Spaß in alle Richtungen
Durch das gewaltige Drehmoment ist es nun – bei aller Traktion, die der Boxster aufbaut – außerdem leichter, das Heck zum Auskeilen zu bewegen. Ein Zustand, der durch den neuen ESP-Sportmodus fast schon ins Komikhafte gezogen wird, ohne für schweißnasse Hände zu sorgen. Die neue Zwischenstufe des Stabilitätsprogramms lässt einem wirklich erstaunlich viel Blödsinn durchgehen, bevor sie irgendwann eingreift. Ein großer, großer Spaß. Apropos: In Verbindung mit dem wie immer teuflisch guten PDK-Getriebe gibt es nun auch im 718 Boxster den weitgehend sinnfreien, aber äußerst launigen Sport Response Button. Zusammen mit dem neuen Fahrdynamik-Rädchen, über das sich die Modi Normal, Sport, Sport Plus und Individual einstellen lassen, sitzt er rechts unten im neuen 360-Millimeter-Lenkrad. Wer ihn drückt, veranlasst Motor und Getriebe für 20 Sekunden zu einer Art Tabula-Rasa-Nummer, die recht hilfreich sein kann, wenn man sieben Autos am Stück überholt und merkt, dass es langsam eng wird mit dem Platz.
Ab 53.646 Euro
Spielereien hin oder her, letztlich ist der Boxster auch mit vier Zylindern so gut wie alles, was man sich in dieser Klasse nur wünschen kann.
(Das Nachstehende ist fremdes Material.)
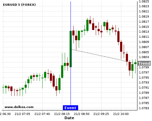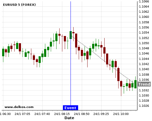 Эта вероятность основывается на последних 12 DE Markit Manufacturing PMI Flash события, в котором 5 из последних 6 события, где фактическое номер было больше чем чем экономист консенсус привел тенденция вниз для EURUSD.
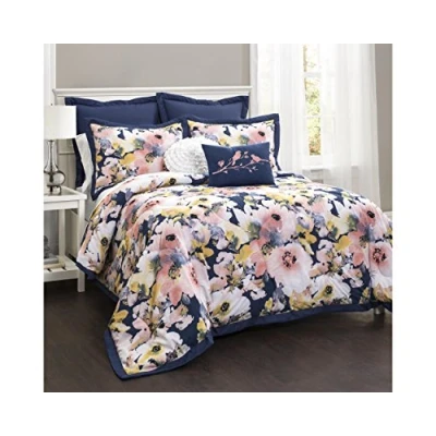 Floral Beddin Set: Add colorful, blooming florals to your bedroom with the Lush Decor Floral Watercolor Comforter Set. Designed with a watercolor floral pattern and decorated with a solid flange border, it adds the feeling of spring to your space. Charming Style: This floral bedding adds color and softness to any primary, guest, or teen bedroom. The mix of watercolor florals and navy accents complements cottage, vintage, and traditional decor for a fresh and beautifully finished look. Complete Bedding Set: This 7 piece full/ queen size bedding set includes: 1 comforter 90"W x 92"L, 2 standard shams 26"W x 20"L + 2" Flange, 2 euro shams 26"W x 26"L + 2" Flange, and 2 decorative pillows 18"W x 12"L and 16" round. Versatile Comfort: Crafted from 100% cotton fabric front and soft microfiber back, this floral bedding set offers both softness and comfort. The medium-weight polyfill filling of this bedding comforter sets is perfect for any season. Easy Care: Caring for this bedding set is easy, simply machine wash cold on the gentle cycle and tumble dry low. If needed, use non-chlorine bleach for cleaning or an iron on low heat to release wrinkles. About Us: Lush Decor crafts beautiful home decor for every room, style and age. Our luxury-for-less styles are designed to inspire. From timeless neutrals, rich textures and vibrant colors, we help you dress your space to reflect your personal style. Lush Decor: Woman Founded, Women Led Brand
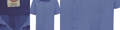3.7 oz., 100% cotton; chambray lined collar & cuff; Left-chest pocket; Chainstitching on bottom hem; Half back yoke; Black neck taping; Modern fit;
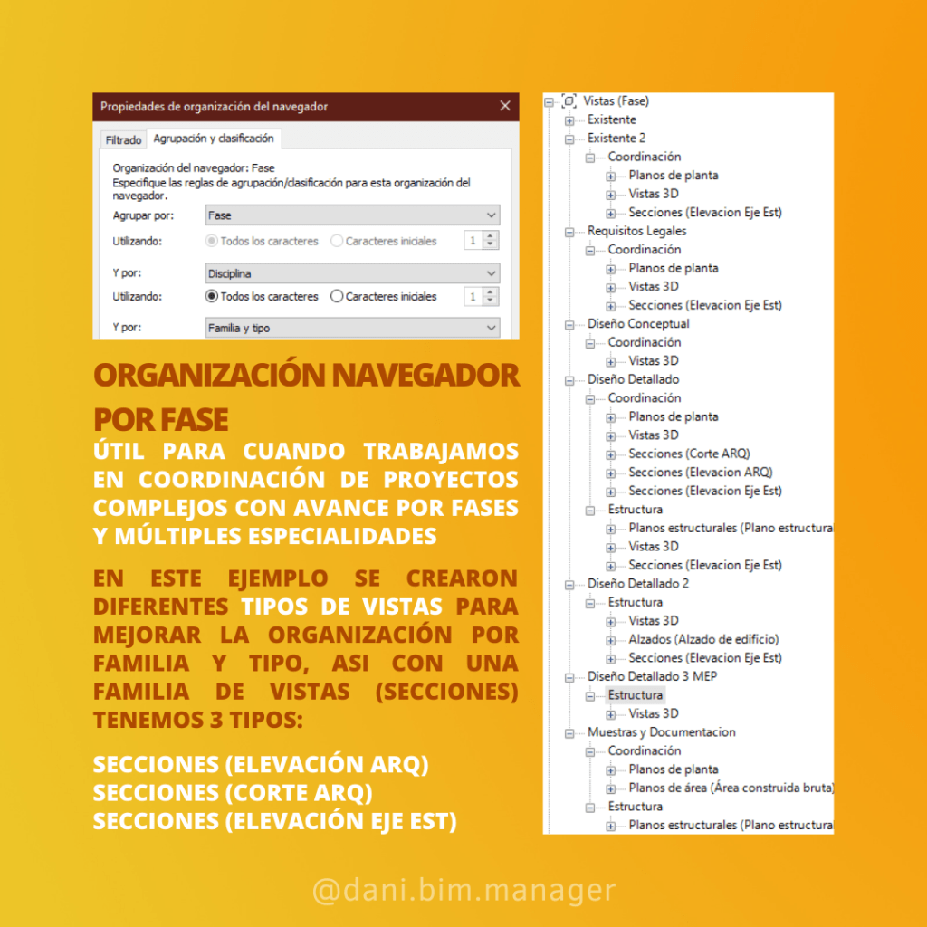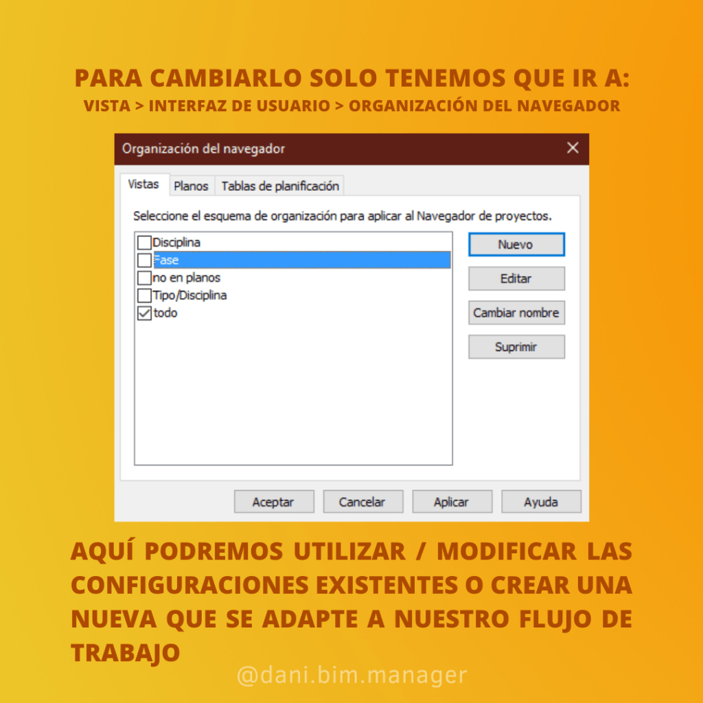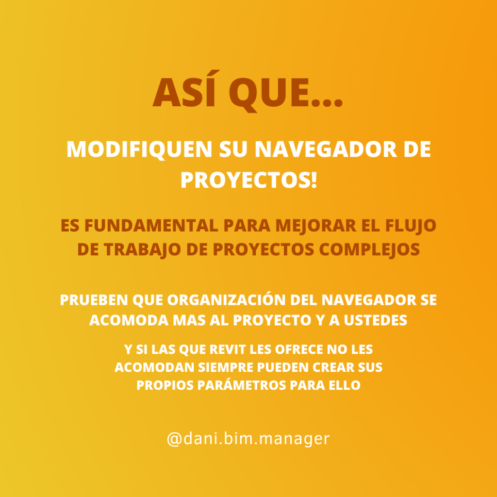 Te invito a crear tu propia organización del navegador de proyecto pensada en tu trabajo, las especialidades que desarrollas o la etapa de proyecto en la que aplicas y veras como se incrementa tu velocidad para encontrar la información. Si trabajas en una oficina, despacho o con otras personas es importante que estandaricen la forma de organizar las vistas para agilizar el traspaso de información, es difícil encontrar información en modelos que perteneciendo a un mismo proyecto cada uno se ha organizado de manera distinta.
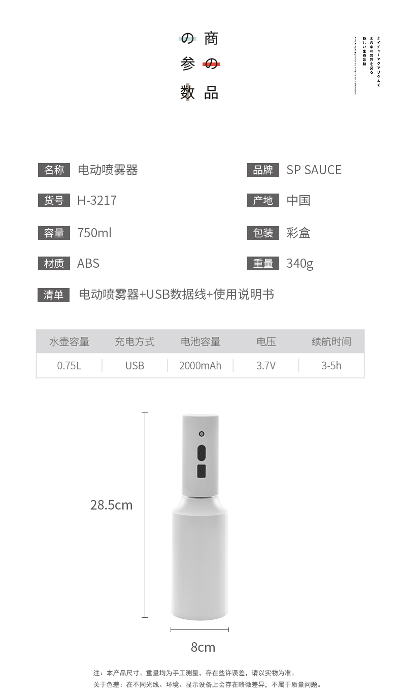 D 电动消毒喷雾器 750ml 多功能电动喷雾器浇花喷壶家用消毒酒精喷雾瓶小型高压喷水壶浇花神器

Das neue Blechkleid (lediglich die beiden Hauben sowie das Dach wurden übernommen) macht ihn schneidiger und irgendwie seriöser, auch wenn man über die schwarze Leiste und den monströsen Porsche-Schriftzug zwischen den Rückleuchten sicher etwas streiten kann. Innen gibt es das neue und endlich richtig gute Navi-Infotainmentsystem und trotz der richtigen Menge Roadster-Puristik mehr Qualität und Komfort als irgendwo sonst in diesem Segment. Die Preise für den Porsche 718 Boxster starten bei 53.646 Euro. Der 718 Boxster S kostet mindestens 66.141 Euro. Das sind gut 2.700 beziehungsweise 3.700 Euro mehr als bisher. Der Marktstart für den gelifteten Boxster ist Ende April 2016. Und sollten Sie es dennoch mit der Wehmut zu tun bekommen: Limitierte Topmodelle wie der Spyder werden wohl auch künftig einen Sechszylinder in ihrer Mitte tragen.